Here we should ask, is this passage law or gospel? Does it show God’s wrath, or his grace?
One might say: “While these things are commands, it is not God’s wrath but his gracious will and his love for his people that laid out these simple rules for the organization and the movement of the nation. Any order of tribes might have sufficed. But any order would be better than no order at all. By giving the command in this way, there would be no bitterness among the tribes. No Reubenite or Simeonite could object, and since there was a plan, there would be no real confusion within the nation as to who should be next when they traveled. Each tribe had its place, each clan had its location within the tribe, and each family had their places within the clan. This would save time, save arguments, and potentially, save lives. God ‘establishes order in the heights of heaven’ (Job 25:2), and he established order among the tribes of Israel.”
And while this is true, it is not the true dividing point in our passage between law and gospel. Walther lists six true points of difference between law and gospel: (1) the manner of their being revealed to man, (2) their contents, (3) the promises held out, (4) their threatenings, (5) the function and effect of either doctrine, and (6) the persons to whom either the one or the other doctrine must be preached. (The Proper Distinction Between Law and Gospel p. 7).
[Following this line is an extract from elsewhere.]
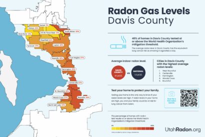 - A chart shows percentage of radon levels in Davis County cities that are above the healthy level.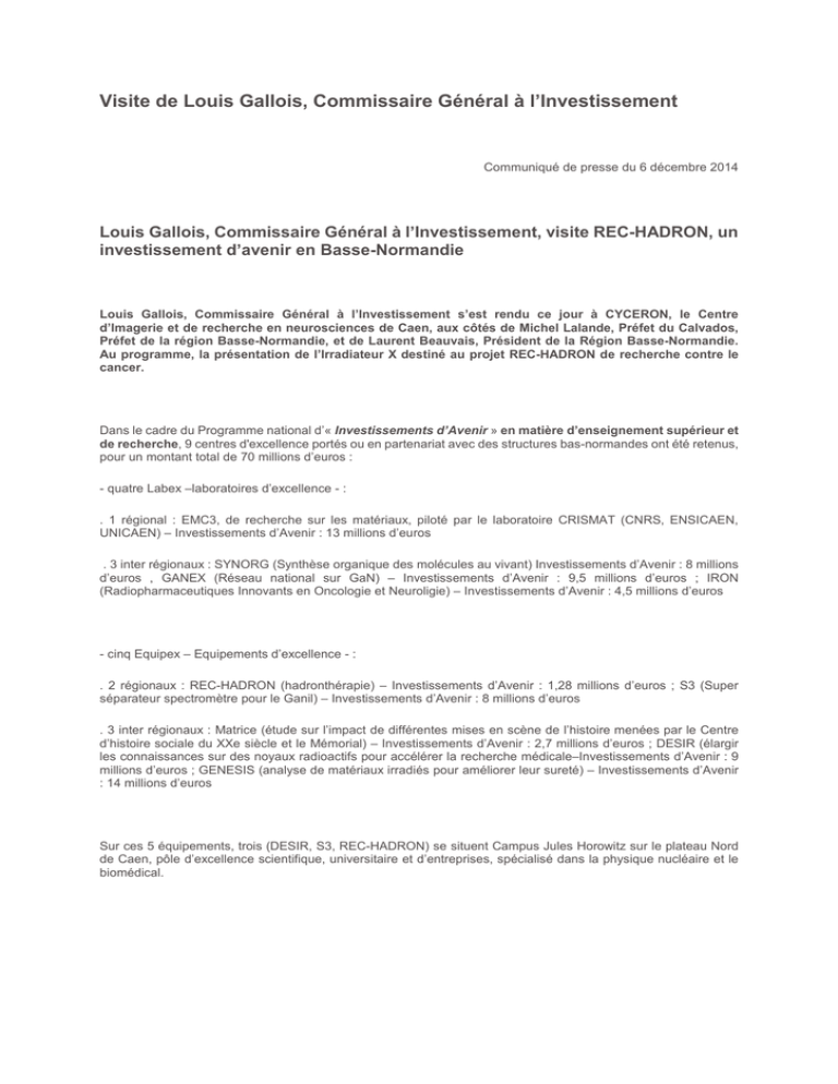 Visite de Louis Gallois, Commissaire Général à l’Investissement Communiqué de presse du 6 décembre 2014 Louis Gallois, Commissaire Général à l’Investissement, visite REC-HADRON, un investissement d’avenir en Basse-Normandie Louis Gallois, Commissaire Général à l’Investissement s’est rendu ce jour à CYCERON, le Centre d’Imagerie et de recherche en neurosciences de Caen, aux côtés de Michel Lalande, Préfet du Calvados, Préfet de la région Basse-Normandie, et de Laurent Beauvais, Président de la Région Basse-Normandie. Au programme, la présentation de l’Irradiateur X destiné au projet REC-HADRON de recherche contre le cancer. Dans le cadre du Programme national d’« Investissements d’Avenir » en matière d’enseignement supérieur et de recherche, 9 centres d'excellence portés ou en partenariat avec des structures bas-normandes ont été retenus, pour un montant total de 70 millions d’euros : - quatre Labex –laboratoires d’excellence - : . 1 régional : EMC3, de recherche sur les matériaux, piloté par le laboratoire CRISMAT (CNRS, ENSICAEN, UNICAEN) – Investissements d’Avenir : 13 millions d’euros . 3 inter régionaux : SYNORG (Synthèse organique des molécules au vivant) Investissements d’Avenir : 8 millions d’euros , GANEX (Réseau national sur GaN) – Investissements d’Avenir : 9,5 millions d’euros ; IRON (Radiopharmaceutiques Innovants en Oncologie et Neuroligie) – Investissements d’Avenir : 4,5 millions d’euros - cinq Equipex – Equipements d’excellence - : . 2 régionaux : REC-HADRON (hadronthérapie) – Investissements d’Avenir : 1,28 millions d’euros ; S3 (Super séparateur spectromètre pour le Ganil) – Investissements d’Avenir : 8 millions d’euros . 3 inter régionaux : Matrice (étude sur l’impact de différentes mises en scène de l’histoire menées par le Centre d’histoire sociale du XXe siècle et le Mémorial) – Investissements d’Avenir : 2,7 millions d’euros ; DESIR (élargir les connaissances sur des noyaux radioactifs pour accélérer la recherche médicale–Investissements d’Avenir : 9 millions d’euros ; GENESIS (analyse de matériaux irradiés pour améliorer leur sureté) – Investissements d’Avenir : 14 millions d’euros Sur ces 5 équipements, trois (DESIR, S3, REC-HADRON) se situent Campus Jules Horowitz sur le plateau Nord de Caen, pôle d’excellence scientifique, universitaire et d’entreprises, spécialisé dans la physique nucléaire et le biomédical. Le projet REC-HADRON, RECherche fondamentale et appliquée en HADRONthérapie, est la première étape dans l’équipement d’ARCHADE, le futur centre européen sur la recherche en hadronthérapie destiné au traitement des cancers, créé en Basse-Normandie sous l’impulsion de la Région. L’hadronthérapie est une nouvelle forme de radiothérapie pour le traitement de cancers inopérables, chimio ou radiorésistants, qui permet d’irradier la tumeur, tout en épargnant au mieux les tissus sains du patient. Les traitements par protons (protonthérapie) et encore plus récemment par ions carbone (hadronthérapie), sont prometteurs et les besoins en recherche, abondants. Implanté sur le Plateau Nord de Caen, près du GANIL, le projet Archade devra mobiliser 130 millions d’euros auxquels la Région a déjà apporté 29,5 millions d’euros, aux côtés du FEDER. Les premiers patients pourraient être traités au plus tôt à partir de 2016. ARCHADE fait partie du projet interrégional d’infrastructures en santé et biotechnologies France Hadron, financé à hauteur de 15 millions d’euros par les investissements d’avenir. Dans ce cadre, l’Irradiateur X permettra de comparer l’efficacité biologique des faisceaux de protons et d’ions carbone par rapport aux rayons X. Il a été financé à hauteur de 1,28 millions d’euros dans le cadre des Investissements d’Avenir. Une chambre à vide, dans laquelle seront disposés les détecteurs de particules d’ions carbone afin de mesurer leur efficacité, viendra compléter le volet recherche d’ARCHADE. L’irradiateur X est installé et hébergé au sein de la plateforme d’imagerie biomédicale CYCERON (CEA / CNRS / INSERM / Université de Caen/BACLESSE/CHU). Les travaux de recherche seront conduits par les équipes du Laboratoire de Physique Corpusculaire de CAEN – LPC (CNRS / IN2P3 / ENSICAEN / Université de Caen), du Laboratoire Accueil en Radiobiologie avec des IonsAccélérés – LARIA (CEA / DSV / IRCM), et de l’équipe CERVOxy du ICTCT (CNRS / CEA / Université de Caen). Plus largement, le GIP Cyceron travaille sur des demandes sociétales majeures que sont le développement des connaissances sur le cerveau normal et ses fonctions cognitives, notamment la mémoire, le langage, le raisonnement, la cognition sociale, ainsi que sur ses dysfonctionnements au cours de diverses pathologies neurologiques et psychiatriques : maladie d’Alzheimer et autres maladies neurodégénératives, accidents vasculaires cérébraux, schizophrénie, autisme, addictions et les tumeurs cérébrales. Au cœur des priorités régionales en matière de recherche et d’innovation, les travaux de CYCERON ont été accompagnés par la Région à hauteur de plus de 10 millions d’euros depuis 2007. Pour Laurent Beauvais, Président de la Région Basse-Normandie « La visite de Louis Gallois permet de mettre en avant l’excellence des équipes de recherche, des organismes de tutelle, des établissements d’enseignement et de recherche et des entreprises bas-normandes. Je ne peux m’empêcher de faire le lien avec le colloque Recherche et Innovation qui se tiendra à Caen dans quelques jours dans le cadre de la Vallée de Seine. L'objectif est de montrer le potentiel de recherche et d'innovation dont dispose cet espace stratégique, et le rôle que peuvent jouer les entreprises, les centres de R&D, les Universités et les acteurs publics pour redynamiser

In this case, the fifth point, the function and effect of the doctrine, must be observed, along with the fourth point, their threatenings. The commands of the order of march and encampment are a legal command that demanded obedience and which brings no promise except for the general promise that accompanies all the law: “Do this and you will live.” And when certain elements of this command were not followed later in Israel’s history, such as the commands about avoiding contact with the Most Holy Place and not approaching the Dwelling or Tabernacle, death was commanded. We saw this already in verse 51 of the previous chapter. So although these laws do not directly affect us today, they were laws for Israel on the march. Their function tells us that they fall under the category of the Ceremonial Law. We can read them and even apply them, but there is no way or reason for us to obey them today in our lives. We have been set free from these laws by the ripping of the curtain when Jesus died on the cross. Three of the Gospels delight to remind us of this: “The curtain of the temple was torn in two from top to bottom” (Matthew 27:51). “The curtain of the temple was torn in two from top to bottom” (Mark 15:38). “And the curtain of the temple was torn in two” (Luke 23:45). The Most Holy Place, represented by what was behind that curtain, is truly the presence of the Living God. It is no longer represented, because we have true access to God through Christ. “We have confidence to enter the Most Holy Place by the blood of Jesus, by a new and living way opened for us through the curtain, that is, his body” (Hebrews 10:19-20).
These laws teach us to appreciate our place in God’s kingdom, but the gospel of Jesus invited us to rejoice that our place is a gift, given through his blood, and ours forever by means of his grace. This is the difference between the fear of the law and the joy of the gospel.